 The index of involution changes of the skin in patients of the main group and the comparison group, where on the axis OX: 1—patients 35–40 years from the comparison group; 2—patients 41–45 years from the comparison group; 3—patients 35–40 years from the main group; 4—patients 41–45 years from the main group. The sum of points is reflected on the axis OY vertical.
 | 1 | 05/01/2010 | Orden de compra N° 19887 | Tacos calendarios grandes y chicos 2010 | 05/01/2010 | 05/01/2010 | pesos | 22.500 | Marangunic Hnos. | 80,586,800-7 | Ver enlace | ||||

---

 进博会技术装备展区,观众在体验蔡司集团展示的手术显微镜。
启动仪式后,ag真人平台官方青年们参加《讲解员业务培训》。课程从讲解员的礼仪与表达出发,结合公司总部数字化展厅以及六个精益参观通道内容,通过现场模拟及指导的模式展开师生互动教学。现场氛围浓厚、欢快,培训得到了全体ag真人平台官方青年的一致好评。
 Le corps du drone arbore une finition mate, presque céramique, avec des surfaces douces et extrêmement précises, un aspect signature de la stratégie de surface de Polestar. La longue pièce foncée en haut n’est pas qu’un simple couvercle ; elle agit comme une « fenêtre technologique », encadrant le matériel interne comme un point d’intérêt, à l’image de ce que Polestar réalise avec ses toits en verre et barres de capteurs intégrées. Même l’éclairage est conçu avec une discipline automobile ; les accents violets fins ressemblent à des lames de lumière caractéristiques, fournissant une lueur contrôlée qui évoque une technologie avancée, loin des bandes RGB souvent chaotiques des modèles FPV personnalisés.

_ABOUT THIS TASK:_
Everything starting at the line containing "进博会技术装备展区,观众在体验蔡司集团展示的手术显微镜。" and ending at the line containing "启动仪式后,ag真人平台官方" in the records above should be repeated exactly, and only that.

_RESPONSE TO THE EXERCISE:_
 进博会技术装备展区,观众在体验蔡司集团展示的手术显微镜。
启动仪式后,ag真人平台官方青年们参加《讲解员业务培训》。课程从讲解员的礼仪与表达出发,结合公司总部数字化展厅以及六个精益参观通道内容,通过现场模拟及指导的模式展开师生互动教学。现场氛围浓厚、欢快,培训得到了全体ag真人平台官方青年的一致好评。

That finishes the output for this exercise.